**Work item**
Below is a listing to write out in full, exactly as given, without its pictures.

### Information shown

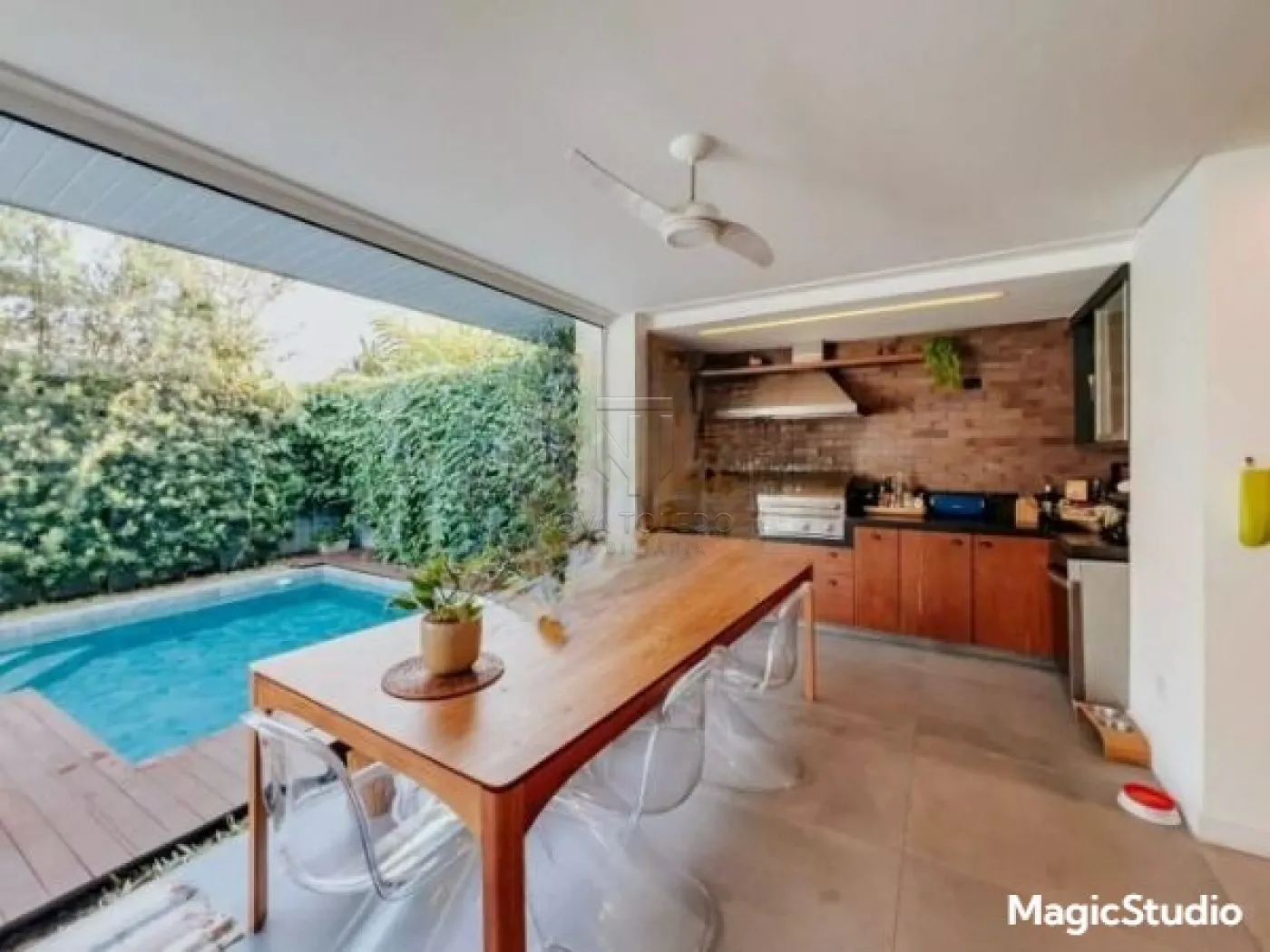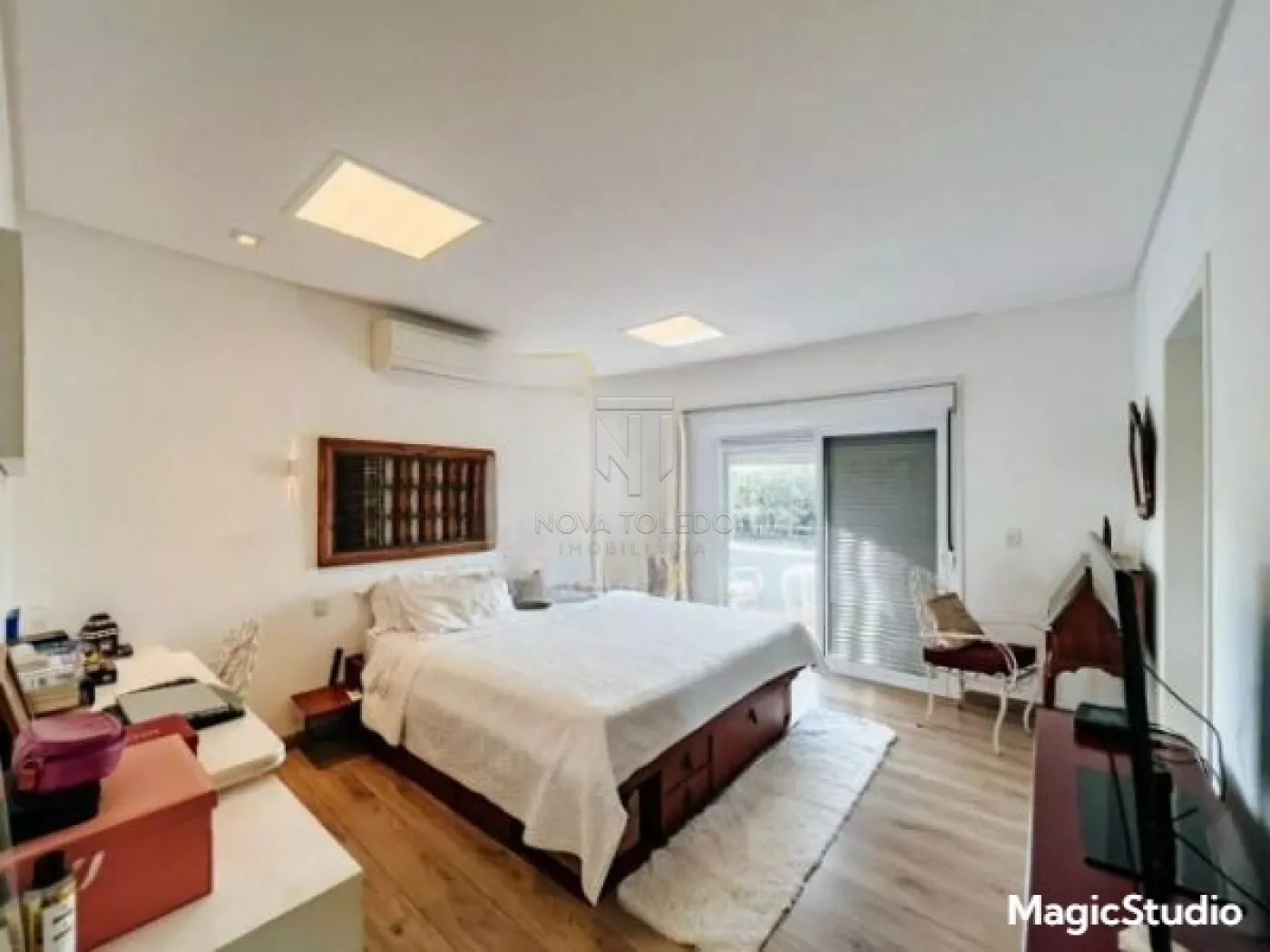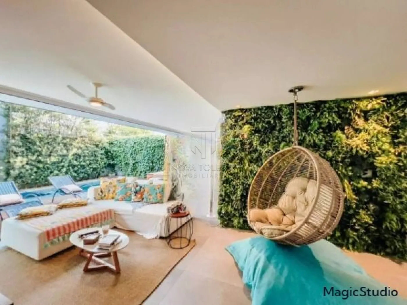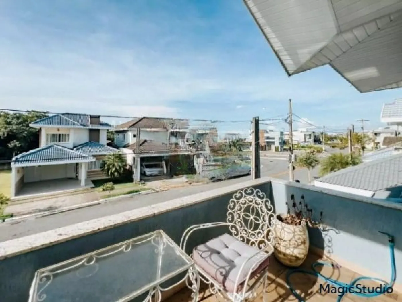 Casa com 3 suítes, sendo uma suíte master com closet, banheira de hidromassagem e varanda, todas com ar condicionado e sala íntima. Sala ampla para 2 ambientes, sala íntima, cozinha planejada e equipada com cooktop, forno e microondas. Área gourmet com fechamento em vidro, integrada com a sala e a cozinha. Piscina aquecida com prainha, deck em madeira e jardim. Garagem coberta para 2 carros.
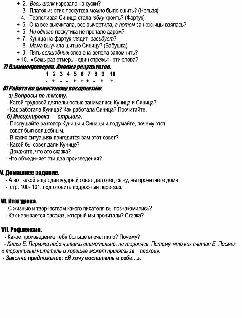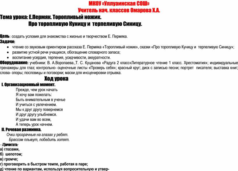 по теме: «Е.Пермяк. Торопливый ножик. Про торопливую Куницу и терпеливую Синицу»
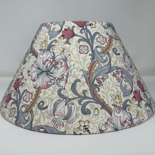 Golden Lily coolie lampshade in Dove and Plum. In stock and ready for next working day dispatch.

######

**Finished exercise**
 Casa com 3 suítes, sendo uma suíte master com closet, banheira de hidromassagem e varanda, todas com ar condicionado e sala íntima. Sala ampla para 2 ambientes, sala íntima, cozinha planejada e equipada com cooktop, forno e microondas. Área gourmet com fechamento em vidro, integrada com a sala e a cozinha. Piscina aquecida com prainha, deck em madeira e jardim. Garagem coberta para 2 carros.
 по теме: «Е.Пермяк. Торопливый ножик. Про торопливую Куницу и терпеливую Синицу»
 Golden Lily coolie lampshade in Dove and Plum. In stock and ready for next working day dispatch.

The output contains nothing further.